Description: Node Maintenance feature should consolidate to one place in UI (Compute-> Nodes) The current situation "Start Maintenance" is available in Compute - > Bare Metal Hosts for workers only and is missing for "Master" Nodes on UI. Compute->Nodes uses "Start Node Maintenance" and it is available for both Workers and Master nodes on UI. This issue would request it be dropped from Bare Metal Hosts all together in favor of one common location (Compute -> Nodes). I think its confusing to have it in both places and if the end result workflow is the same, why? Also in Compute->Nodes it is called "Start Node Maintenance" in Compute-> bmh it is called "Start Maintenance" * This also confusing. Appears like different workflow from UI Tested version steps: Version: 4.4.0-0.nightly-2020-04-04-025830 Steps to reproduce: 1. Deploy cluster 2. Install CNV 2.30 (which include node maintenance operator) 3. login to openshift container platform 4. select compute -> Bare Metal Host 5. select 3 dots on master (missing) 1. select compute -> Bare Metal Host 2. select 3 dots on master (Available) Note: CNV origin https://github.com/kubevirt/hyperconverged-cluster-operator How reproducible: 100%
Hi Jiri, any thoughts on how to provide a good experience for this?

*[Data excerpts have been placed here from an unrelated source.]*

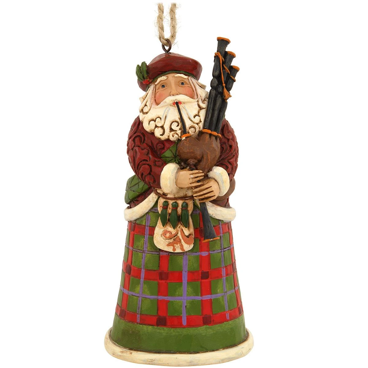 ♪ You take the high road and he’ll take the low road and you’ll be together for Christmas! ♫ Jim Shore cleverly infuses his distinctive mix of vibrant colors and quilt-like patterns into this beautiful ornament that depicts a Scottish Santa dressed in traditional tartan plaid cheerfully playing the bagpipes. Masterfully crafted from stone resin with a “carved wood” appeal, this lively 4½” tall Santa ornament comes ready to hang with a twine cord and is ideal for wishing friends and family a Nollaig Chridheil!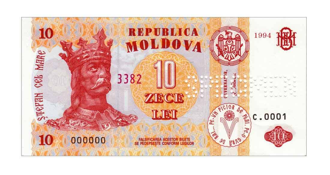 Лицевая сторона: Государственный герб Республики Молдова, надпись "REPUBLICA MOLDOVA", портрет Штефана чел Маре, многоцветный национальный орнамент, два вертикальных декоративных элемента, центральный гильош, номинальная стоимость в цифрах и буквах, художественно оформленная аббревиатура "BNM", факсимиле " GUVERNATOR, L. Talmaci", надпись по кругу "PE-UN PICIOR DE PLAI, PE-O GURĂ DE RAI...", стилизованное изображение литеры "V", год выпуска "1994", номер и серия банкноты, надпись "FALSIFICAREA ACESTOR BILETE SE PEDEPSEŞTE CONFORM LEGILOR"; |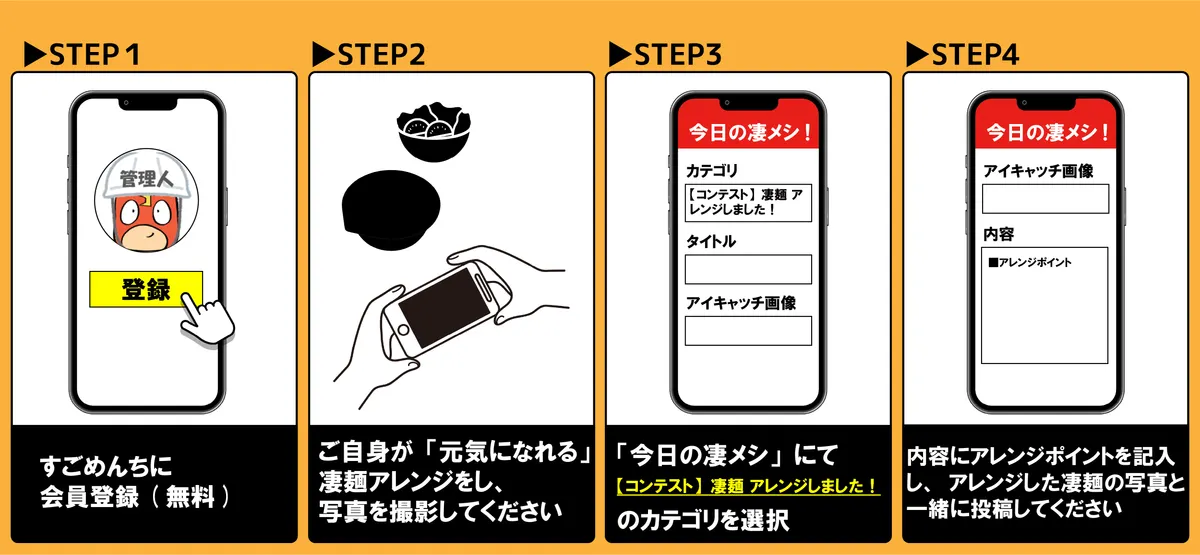 ④内容にアレンジポイントを記入し、アレンジした凄麺の写真と一緒に投稿してください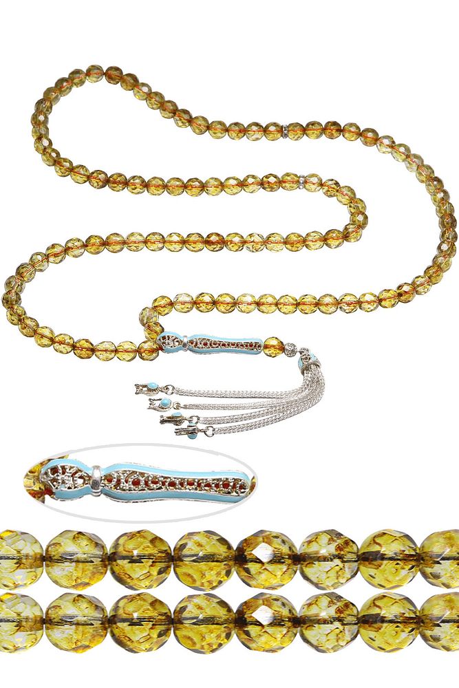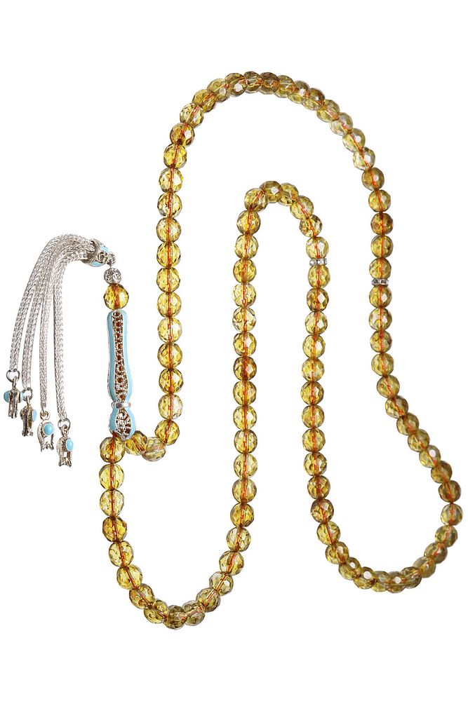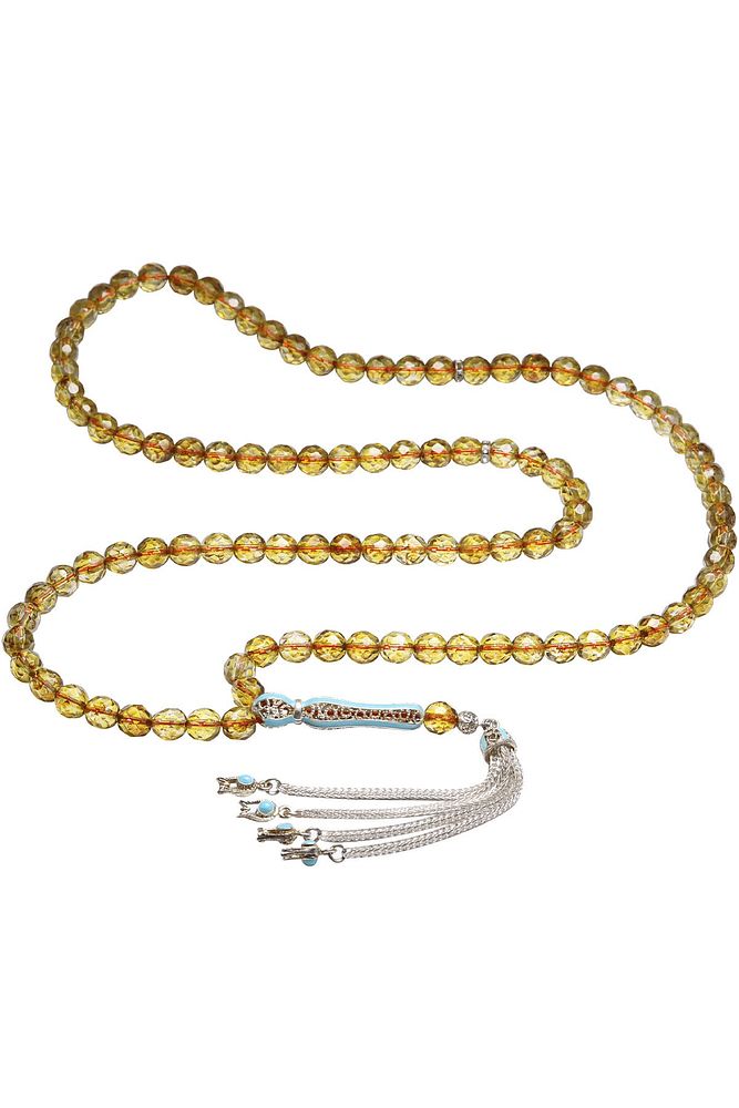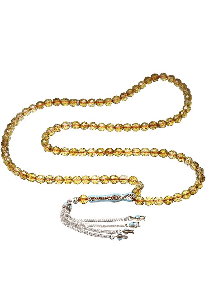 Sertifikalı Telkari Püskül 99\'luk Sarı Renk Doğal Kuvars Taşı Tesbih

I think the reasoning behind setting the maintenance also from the host is because it directly affects the workflow for host hardware maintenance. If host runs workloads (via node) then setting the maintenance on the node ensures that host can then be powered off and it won't be acquired for different node asi it still has one associated. Then a HW maintenance (ram replacement etc.) can be safely performed without having to deprovision the host completely. I've asked Andy (UX) to comment here as well.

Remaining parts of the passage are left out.